We’ve known for a long time that tests are not very helpful in making admissions decisions, and when you consider the tremendous costs they burden us with, it is clear they’re not worth it. But in the coming years, there is a real possibility that the tools we’ve used to demonstrate this might be used to make the case against test optional. I can think of a couple of Testing Agencies that are already probably getting ready to make this case. If they succeed, that would be a shame. Literally.

Remember this: Pre-COVID-19 and post-COVID-19 are completely different worlds when it comes to our industry and our profession, and applying the rules of one to the other probably isn’t prudent. And yet, when faced with uncertainty, lots of us will want to rely on the tried-and-true.

Please don’t. Expecting this year’s applicants to look like or behave like or perform like those of previous years is folly. In a world and a country that seems divided, we could use a little empathy, a little grace, and a lot of compassion. It just might work.

As I indicated earlier, this has been a difficult blogpost to write. When I struggle to put words down, I always think of T.S. Eliot’s East Coker, Section V. And I don’t feel so incompetent.
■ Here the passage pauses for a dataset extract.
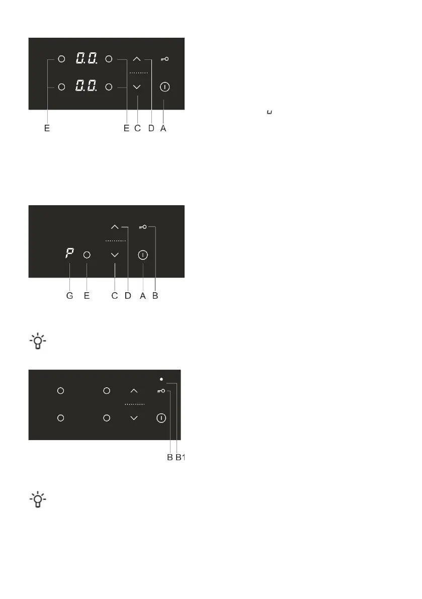 Power level can be changed at any time by selected the desired cooking zone (E) and adjusting the setting by touching

So here I am, in the middle way, having had twenty years—
Twenty years largely wasted, the years of l’entre deux guerres
Trying to use words, and every attempt
Is a wholly new start, and a different kind of failure
Because one has only learnt to get the better of words
For the thing one no longer has to say, or the way in which

One is no longer disposed to say it. And so each venture
Is a new beginning, a raid on the inarticulate
With shabby equipment always deteriorating
In the general mess of imprecision of feeling,
Undisciplined squads of emotion. And what there is to conquer
By strength and submission, has already been discovered
Once or twice, or several times, by men whom one cannot hope

To emulate—but there is no competition—
There is only the fight to recover what has been lost
And found and lost again and again: and now, under conditions
That seem unpropitious. But perhaps neither gain nor loss.
For us, there is only the trying. The rest is not our business.

9 thoughts on “Congratulations. You’re Test-optional. Now What?

  1. Jon, your candid writing is such a breath of fresh air and hope. May we all focus on the right thing to do — not the easiest or most familiar — and change college admissions for the better once and for all.